29

Billy se sirvió un bocadillo de paté de pescado —eran los únicos que quedaban— y volvió a llenarse la taza de la tetera. El despacho del Dic, que hacía diez minutos estuviera abarrotado de agentes de paisano, se hallaba ahora desierto. Sólo el sargento Cole seguía allí, atareado clavando chinchetas de colores en el mapa de Midhurst, señalando aquellas zonas de la ciudad cubiertas ya por los equipos de detectives, cuya breve hora del almuerzo acababa de terminar y cuyas tareas revestían un carácter de urgencia que no hacía falta recalcar.

La noticia que Billy se había apresurado a llevar a la oficina de la planta de arriba había puesto al inspector jefe en acción. Tras preguntar por sus opiniones a Braddock y Madden y descubrir que compartían su punto de vista, había telefoneado a Bennett en Scotland Yard con una nueva propuesta, radical.

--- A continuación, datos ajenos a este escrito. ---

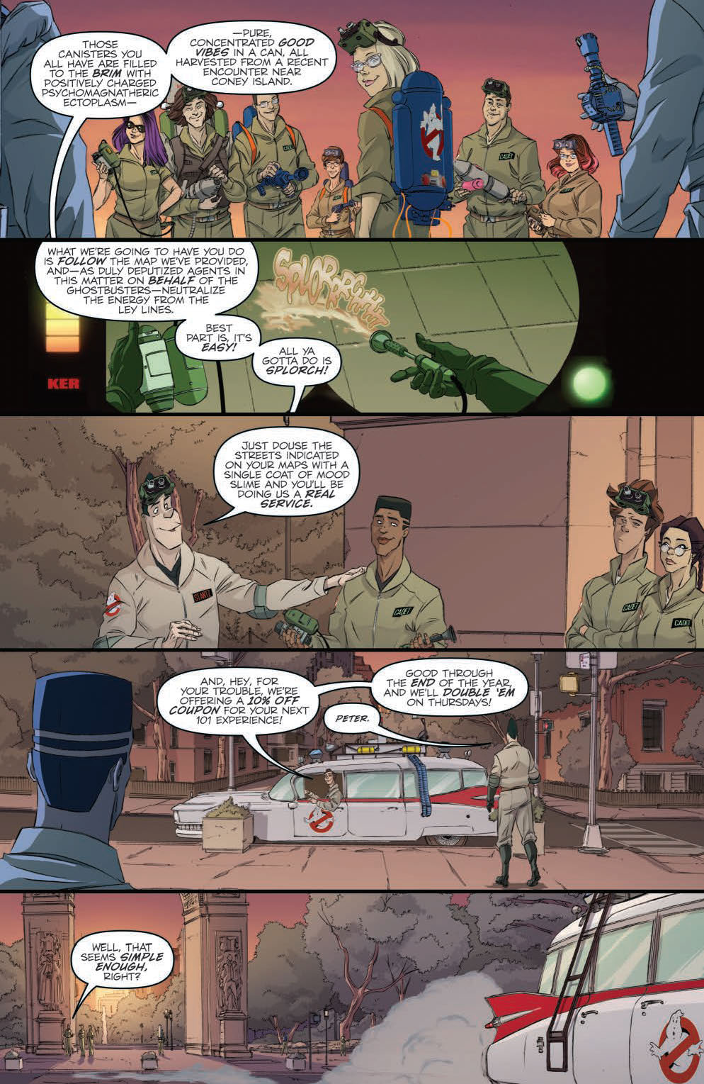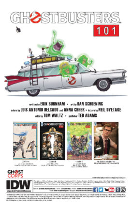 Thanks to a timely intervention, the Ghostbusters have saved the day! But you knew that would happen—you’re an old hand at this kind of thing! But after all the goodbyes are said and the players are all back to where they belong, one question remains: did the Ghostbusters’ ultimate solution have any consequences for the multiverse?! Find out in the finale to GHOSTBUSTERS 101!
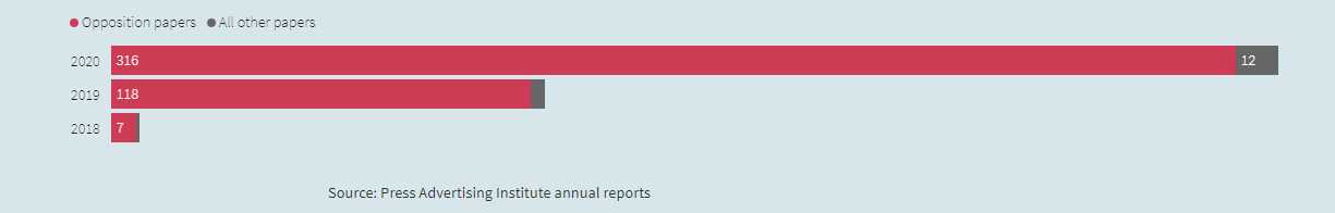 Οι αναστολές διαφημίσεων που σχετίζονται με την ηθική που επιβλήθηκαν στις μεγαλύτερες εθνικές εφημερίδες, με έδρα την Κωνσταντινούπολη, υπερδιπλασιάστηκαν το 2020 σε 328 ημέρες σε σχέση με το προηγούμενο έτος. Σχεδόν όλες οι αναστολές επιβλήθηκαν στις πέντε πιο επιφανείς ανεξάρτητες εφημερίδες που αποκλείστηκαν από κοινού από περίπου 4 εκατομμύρια λίρες σε κρατικές διαφημιστικές πληρωμές το 2020. Μια έκθεση του επαγγελματικού φορέα της Ένωσης Τούρκων Δημοσιογράφων (TGC) ανέφερε ότι οι αναστολές το 2021 συνέχισαν να επικεντρώνονται σε ανεξάρτητες εφημερίδες.
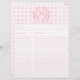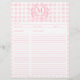 Folha de receitas do Monograma Floral de Gingham Floral de Blush

—Debemos hacerlo público, señor. Hay que asegurarse de que los periódicos de mañana se hagan eco de esta investigación, sobre todo del hecho de que buscamos a un extranjero, y proporcionen la descripción de Lang. Tengo que hacerlo: creo que así sólo lo asustaremos. Pero mejor eso que otra niña muerta.

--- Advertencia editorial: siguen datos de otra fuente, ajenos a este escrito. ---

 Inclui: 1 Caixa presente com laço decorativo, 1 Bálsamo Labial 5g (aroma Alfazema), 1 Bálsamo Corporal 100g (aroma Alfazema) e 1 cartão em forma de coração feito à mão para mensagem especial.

Billy se había quedado observando junto a la puerta abierta, aparentemente olvidada su presencia por Sinclair, que estaba escuchando lo que Bennett tenía que decirle, con el ceño fruncido, apretado el puño encima del secante enfrente de él.

—Sí, señor, todos los periódicos nacionales, y el señor Braddock y yo hablaremos con los editores locales aquí en Sussex. —Se produjo una pausa mientras el inspector jefe tamborileaba con los dedos encima de la mesa. Volvió a hablar—: Parece improbable, lo reconozco.

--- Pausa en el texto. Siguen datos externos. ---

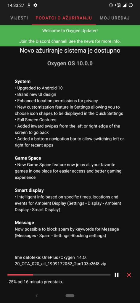 jel mozes pogledati koja je tocno verzija (ili jos bolje screenshot). Cura ima čajniz verziju telefona ( oneplus 7 GM1900 ) pa me strah da ne povuce neki krivi apdejt. Koju ti verziju telefona prepoznaje oxy update? Curi piše oneplus 7 a u opcijama vidim da nudi nekoliko verzija sedmice (eu, čajniz..).
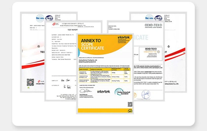 Oeko اور Grs سرٹیفیکیشن معیار کی ضمانت دیتا ہے۔
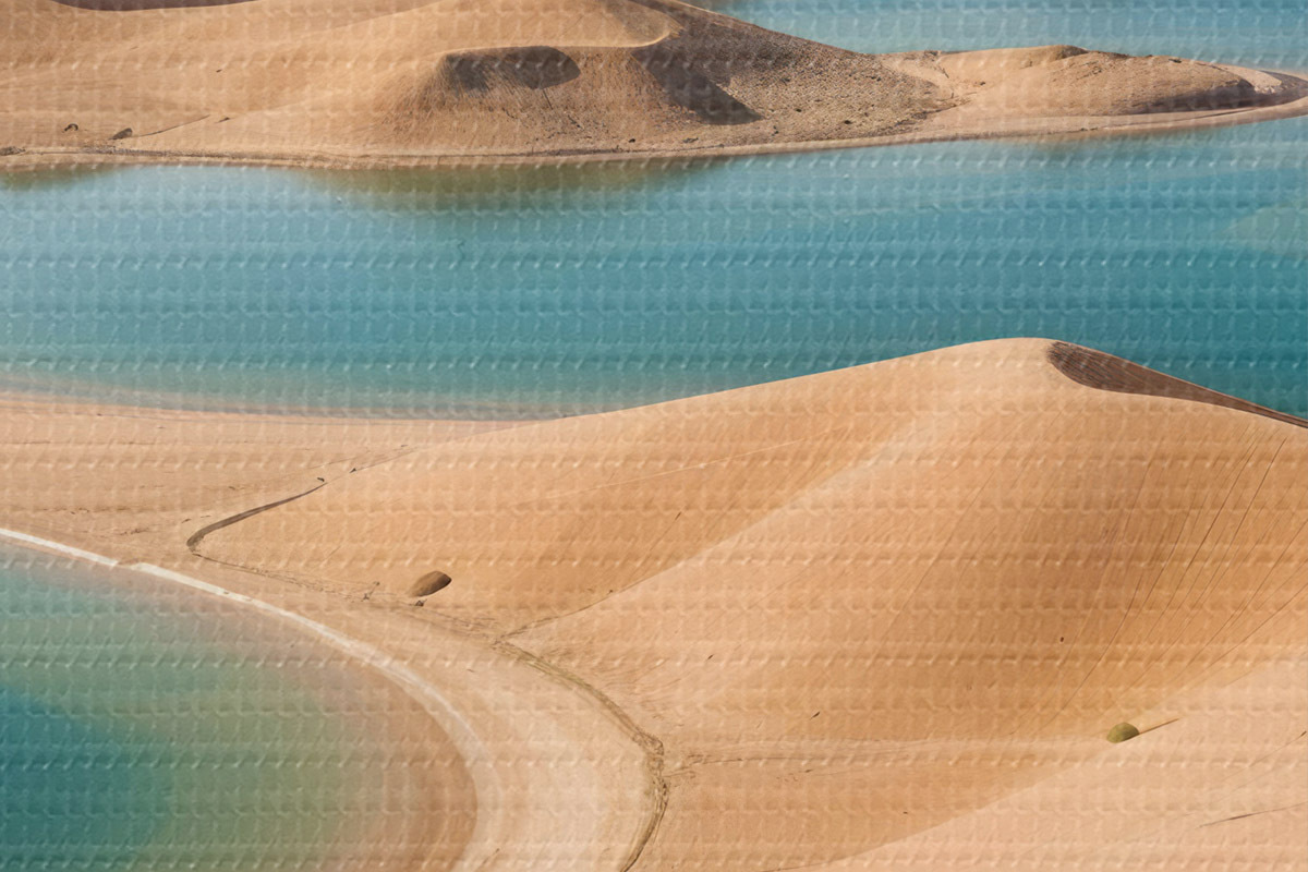 Foto Un vasto paisaje desértico con dunas onduladas y lagos de color turquesa, rodeado de escarpadas montañas Nr r41087
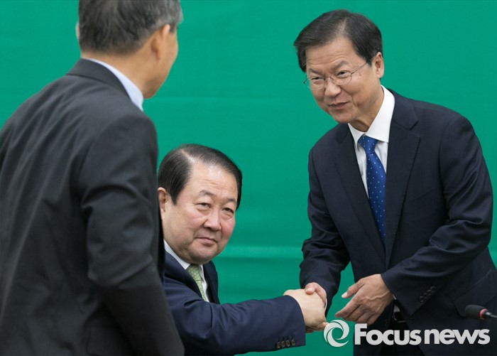 (서울=포커스뉴스) 19일 오전 서울 여의도 국회에서 열린 국민의당 의원총회에 참석한 천정배(오른쪽) 공동대표와 의원들이 인사하고 있다.
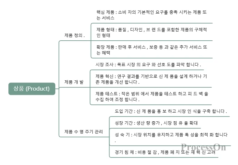 제품: 기업이 목표 시장에 제공하는 유형의 재화 또는 무형의 서비스.
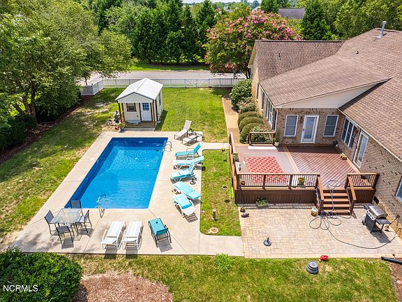Welcome to this elegant, lovingly maintained brick ranch! One level living awaits. This home features 3 bedrooms plus a large unfinished room over the 2.5 car garage, as well as an in-ground saltwater pool! The chef's kitchen features granite counters, upgraded stainless appliances, a gas range, double oven, and a wet bar! The primary en-suite features 2 large walk-in closets, large bathroom with double vanities, toilet room with storage, as well as a tub, and shower. The home also features a tankless water heater, central vacuum, shed with electric, crawl space with vapor barrier and dehumidifier, and city sewer! No flood insurance required AND the potential to assume the seller's VA loan at a 2.75% interest rate.
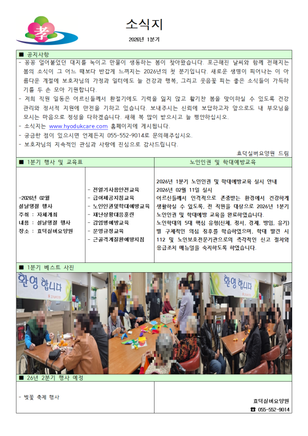 효덕실버요양원에서 2026년 1분기 보호자와의 소통노력 소식지를 전합니다. 페이지 정보 작성자 최고관리자 댓글 0건 조회 113회 작성일 26-03-13 01:11 목록 본문 효덕실버요양원에서 2026년 1분기 보호자와의 소통노력 소식지를 전합니다. 이전글감사합니다~^^ 26.03.13 다음글노인학대, 폭력에 대한 대응지침 26.03.13 댓글 0 댓글목록 등록된 댓글이 없습니다.
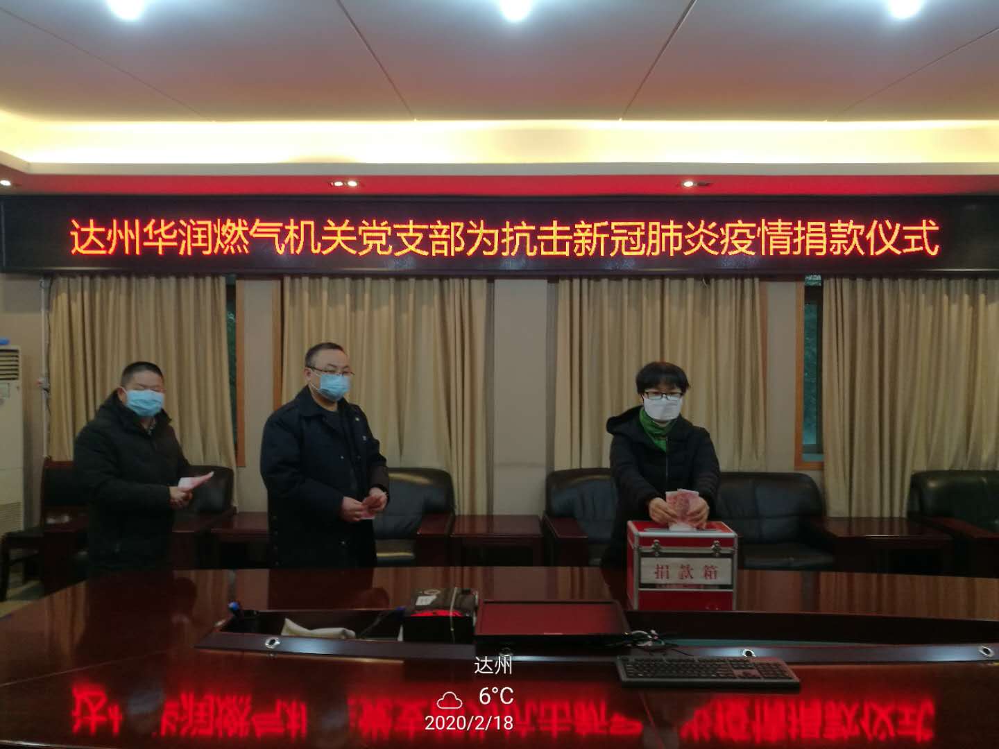 自新型冠狀病毒感染的肺炎疫情擴(kuò)散以來,一直深深牽動(dòng)著公司全體黨員干部員工的心。通過學(xué)習(xí),不斷增強(qiáng)“四個(gè)意識(shí)”。一方面積極貫徹落實(shí)中央、省市疫情防控的決策部署,另一方面抓好安全生產(chǎn)、供氣保障及優(yōu)質(zhì)服務(wù)工作,做到兩手抓兩手硬。2月17日下午,公司黨委發(fā)出倡議為抗擊疫情愛心捐款。公司黨員干部員工積極行動(dòng)起來,紛紛慷慨解囊,盡一份綿薄之力。在家自我隔離的員工通過網(wǎng)絡(luò)進(jìn)行,盡量減少接觸機(jī)會(huì),避免交叉感染。截止18日下午,公司全體員工共計(jì)捐款38230元。目前,該筆愛心捐款已轉(zhuǎn)交市紅十字會(huì),統(tǒng)籌用于疫情防控。
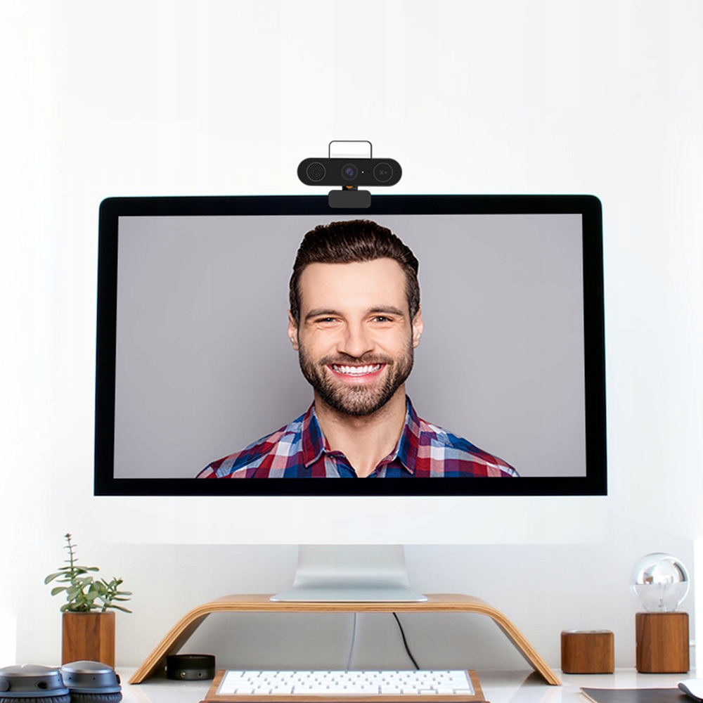 Пристрій оснащено функцією автоматичного кадрування AI, функцією відстеження обличчя та широким кутом огляду, які забезпечують ідеальне зображення вас. Таким чином, камера завжди підтримує ідеальний кадр, що сприяє плавному спілкуванню без непотрібних відволікань.

Pero nadie puede adivinar los pensamientos de alguien así. Hay que tomarse la información en el sentido literal: debemos asumir que planea atacar de nuevo.

Cuando terminó la llamada, momentos más tarde, Sinclair se había vuelto hacia Madden.

—Bennett se preguntaba si Lang decidiría realmente arriesgarse ahora, justo cuando estaba a punto de irse. ¿Tú qué opinas, John?

Billy oyó gruñir a Madden. Había visto fruncir el ceño a su antiguo jefe.

—No estoy seguro, Angus. A juzgar por lo que te dijo Vane, es como si a Lang cada vez le costara más controlarse. ¿No es ése el motivo de que abandonara Alemania tan apresuradamente? Lleva reprimiéndose desde lo de Brookham, pero no debe de haber sido fácil. Ahora que se va debe de pensar que puede permitirse el lujo de correr riesgos. Quizá lo vea incluso como una ventaja. Puede dejar a la policía investigando otro de estos crímenes, buscando al asesino en Inglaterra, mientras él escapa.

En el silencio siguiente, la mirada del inspector jefe había recaído sobre Billy, que todavía estaba de pie en la puerta.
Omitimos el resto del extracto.